#### [Task prompt]
Reproduce the listing that follows in full. Omit its images.

#### [Information shown]
──────────
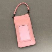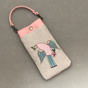 スマホポーチ(ピンク革、鳥の刺繡)No.03006-03
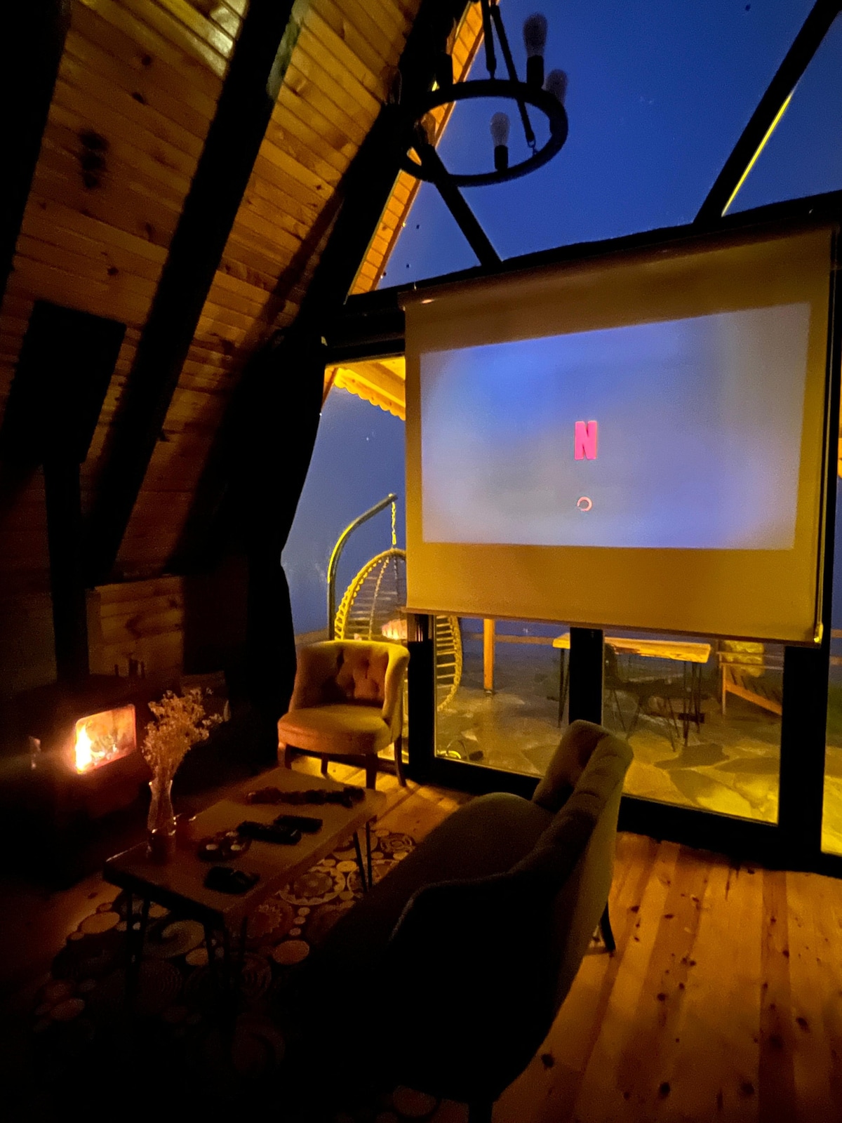 -Bungalov evimiz tamamen ahşap ve otantik olarak tasarlanmıştır. -Bungalov evimiz şömineli olup muhteşem vadi ve dağ manzarasına sahiptir. -Odamız 45 m2 genişliğine sahiptir. -Balayı çiftlerinin rahatlıkla tercih edebileceği bir konsepttedir. -Alt kat yaşam alanı şeklinde olup; balkonu, oturma grubu, banyo, tv, minibar vs üst katta ise bir double (iki Kişilik) yatak bulunmaktadır
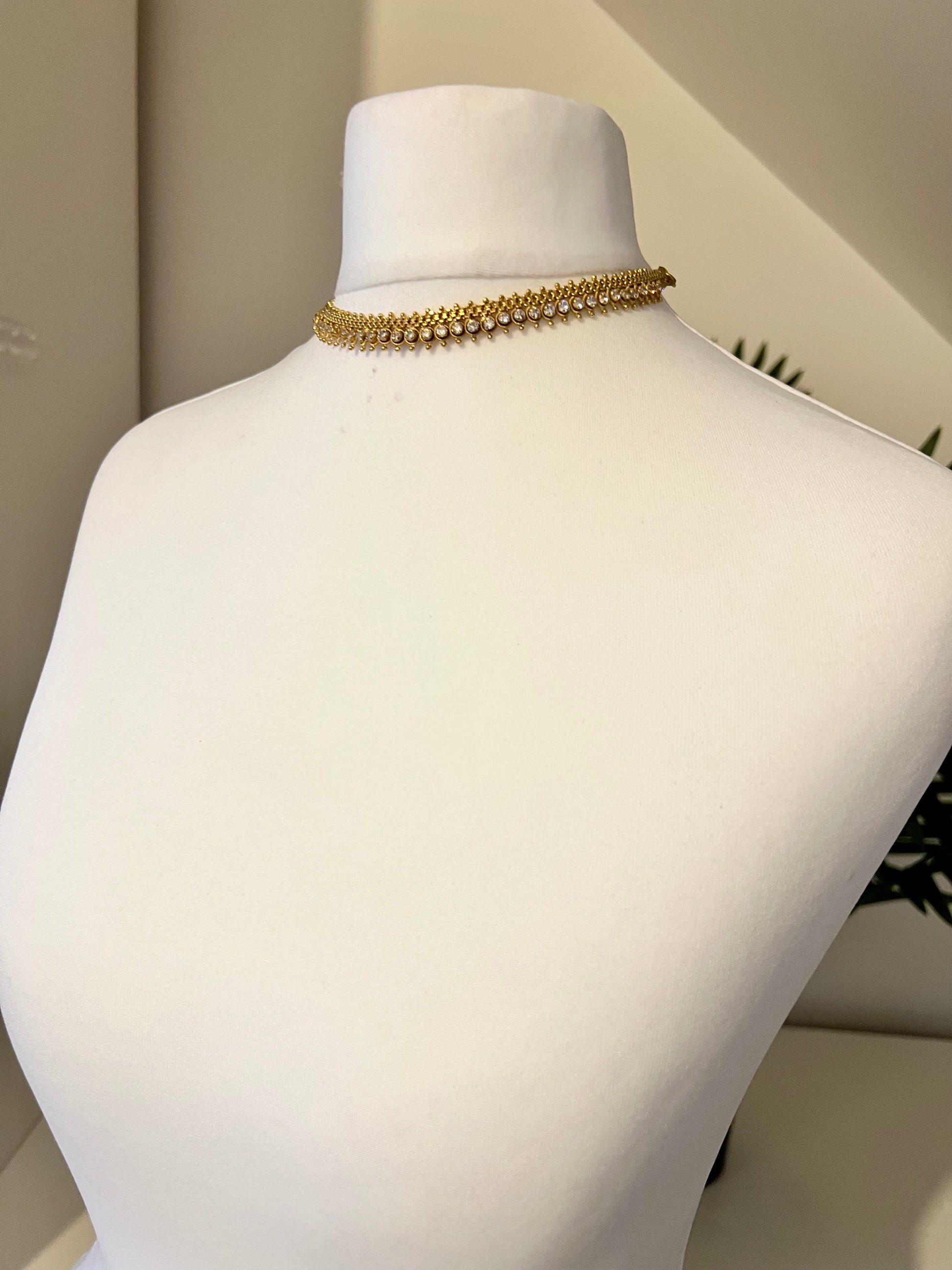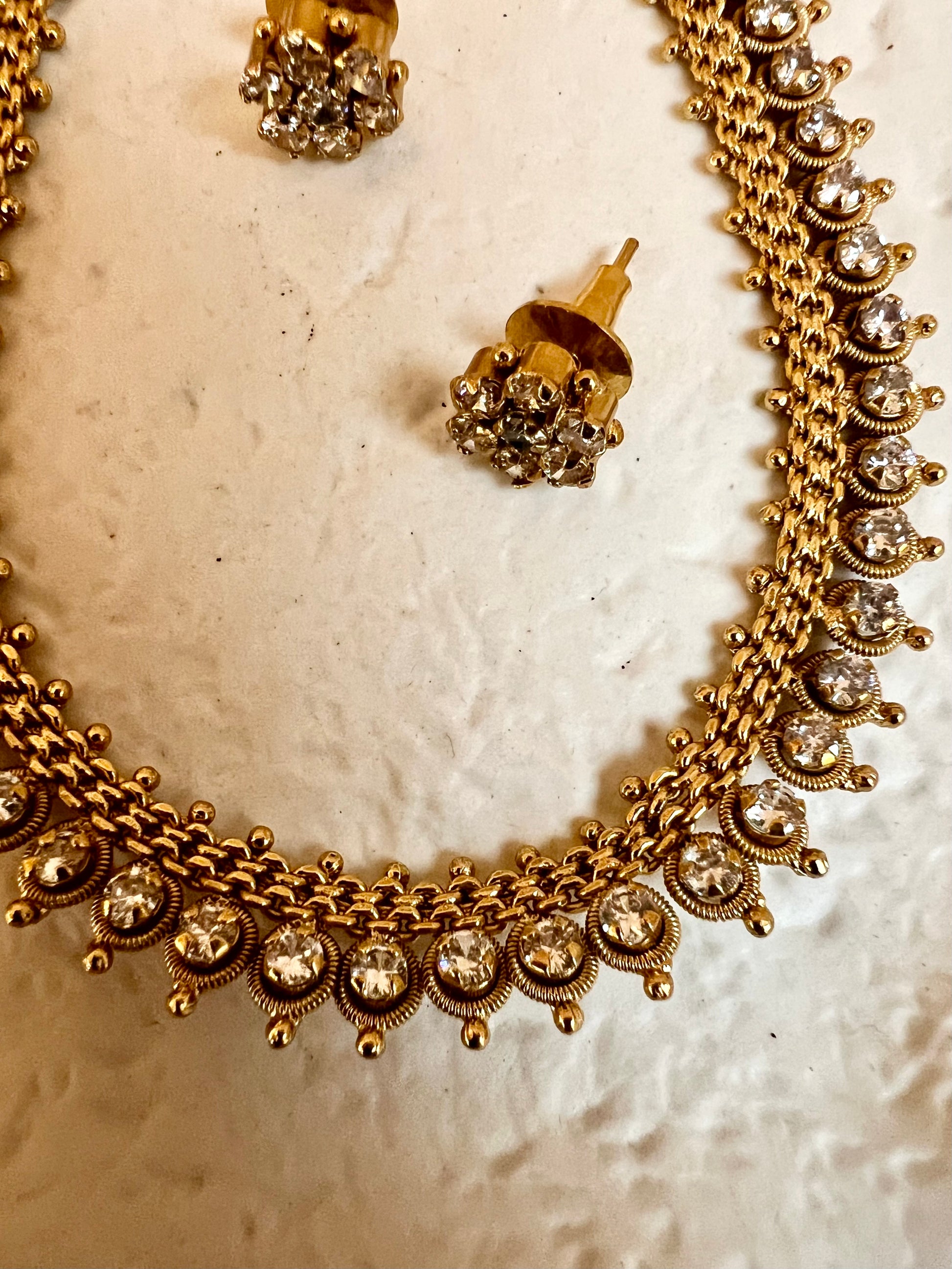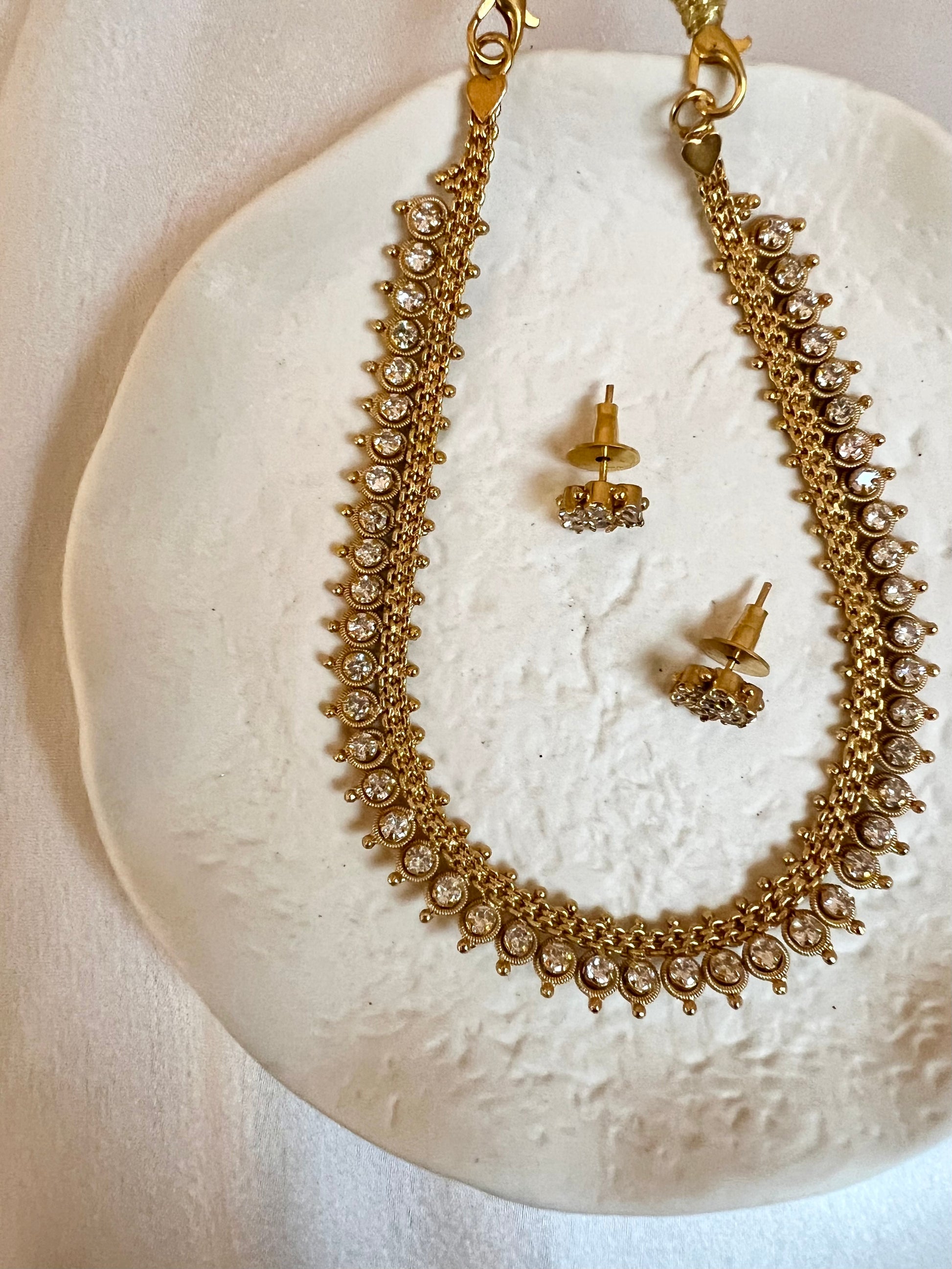 Simple golden chain thats embellished with sparkly white stones, comes with small flower shaped stud earrings.
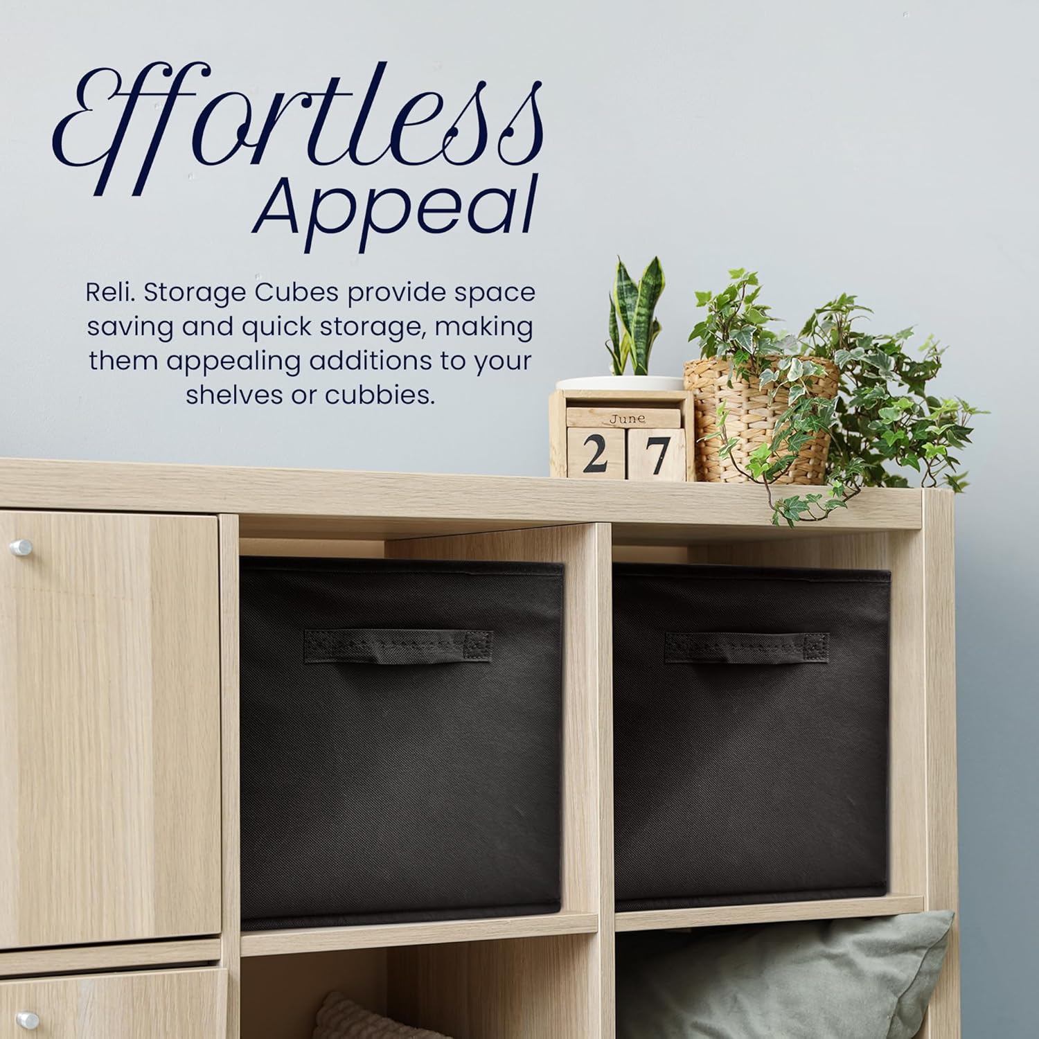 Reli. 11 Inch Cube Storage Bins (12 Pack) | Cube Organizer Bins | 11x11 Fabric Storage Boxes | Collapsible, Foldable Fabric Cubby Box (Square) | Bedroom, Office, Home Organization
──────────
#### [Solution for this task]
 スマホポーチ(ピンク革、鳥の刺繡)No.03006-03
 -Bungalov evimiz tamamen ahşap ve otantik olarak tasarlanmıştır. -Bungalov evimiz şömineli olup muhteşem vadi ve dağ manzarasına sahiptir. -Odamız 45 m2 genişliğine sahiptir. -Balayı çiftlerinin rahatlıkla tercih edebileceği bir konsepttedir. -Alt kat yaşam alanı şeklinde olup; balkonu, oturma grubu, banyo, tv, minibar vs üst katta ise bir double (iki Kişilik) yatak bulunmaktadır
 Simple golden chain thats embellished with sparkly white stones, comes with small flower shaped stud earrings.
 Reli. 11 Inch Cube Storage Bins (12 Pack) | Cube Organizer Bins | 11x11 Fabric Storage Boxes | Collapsible, Foldable Fabric Cubby Box (Square) | Bedroom, Office, Home Organization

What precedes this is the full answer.